Sympathomimetic effects, such as dilated pupils and tachycardia, were also observed in three young adults after the consumption of four tablets containing BZP in association with (TFMPP) (Wood et al., 2008) and in a non-fatal case related to an overdose with another piperazine derivative (Kovaleva et al., 2008). Moreover, in a recent in vitro study, Arbo and collaborators (2014) observed that piperazine drugs, including BZP, were capable of

producing concentration-dependent cytotoxic effects in rat cardiomyoblasts (EC50 343.9 μM

for BZP), proving for the first time the cardiotoxic effects of piperazine designer drugs at the cellular level. Although no changes in intracellular oxidative stress markers were observed,

BZP caused significant increases in intracellular Ca2+ levels, accompanied by decreases in

ATP and in mitochondrial membrane potential (Δѱm) that seemed to involve the

mitochondrial permeability transition pore (Arbo et al., 2014). The authors also observed early apoptosis and a high number of cells undergoing secondary necrosis (Arbo et al., 2014).

1.3. Association of 3,4-methylenedioxymethamphetamine (MDMA, ecstasy)

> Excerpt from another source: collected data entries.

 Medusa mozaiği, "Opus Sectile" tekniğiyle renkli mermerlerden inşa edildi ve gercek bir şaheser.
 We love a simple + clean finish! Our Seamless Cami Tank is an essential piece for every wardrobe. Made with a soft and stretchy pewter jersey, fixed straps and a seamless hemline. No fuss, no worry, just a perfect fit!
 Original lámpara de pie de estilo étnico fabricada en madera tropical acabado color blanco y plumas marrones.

and N-benzylpiperazine (BZP)

One of the most complex scenarios concerning drug abuse is the co-consumption of drugs, either due to the will of the user to engage in such pattern or to the lack of purity of the drugs sold in the illicit market that render abusers prone to unintended exposure to multiple substances (WHO, 2018). Generally, the majority of MDMA users are polydrug abusers (Scholey et al., 2004; Winstock et al., 2001; Wu et al., 2006), and many of them intentionally blend MDMA with piperazines, such as BZP (Wikstrom et al., 2004).

Not surprisingly, the content of MDMA among pills is widely variable, and usually contain a range of other psychoactive substances, in addition to, or in place of MDMA, including other methamphetamines (Parrott, 2004), ephedrine, caffeine, ketamine (Makino et al., 2003) and even piperazines (Wikstrom et al., 2004). As a result, consumption effects are unpredictable (Carvalho et al., 2012; Mohamed et al., 2011) and often culminate in lethality (Kaye et al., 2009).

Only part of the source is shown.